Input data START
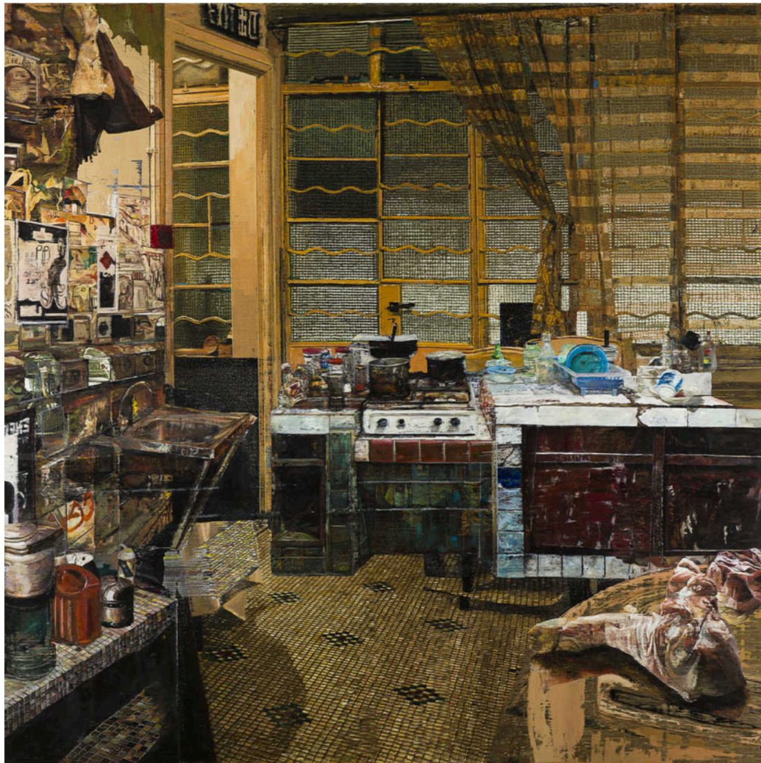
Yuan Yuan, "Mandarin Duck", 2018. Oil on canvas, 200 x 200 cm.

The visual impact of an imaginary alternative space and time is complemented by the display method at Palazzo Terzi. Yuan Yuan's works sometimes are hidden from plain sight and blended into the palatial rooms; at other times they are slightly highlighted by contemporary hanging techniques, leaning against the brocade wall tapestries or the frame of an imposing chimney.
Input data END
Input data START
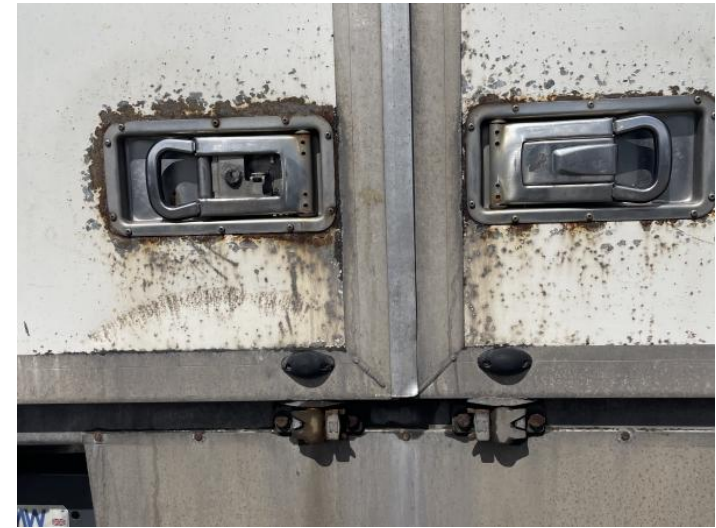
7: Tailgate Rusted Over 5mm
Input data END
For each line of the data that includes the word "Yuan", return a copy of it.

* Answer box
Yuan Yuan, "Mandarin Duck", 2018. Oil on canvas, 200 x 200 cm.
The visual impact of an imaginary alternative space and time is complemented by the display method at Palazzo Terzi. Yuan Yuan's works sometimes are hidden from plain sight and blended into the palatial rooms; at other times they are slightly highlighted by contemporary hanging techniques, leaning against the brocade wall tapestries or the frame of an imposing chimney.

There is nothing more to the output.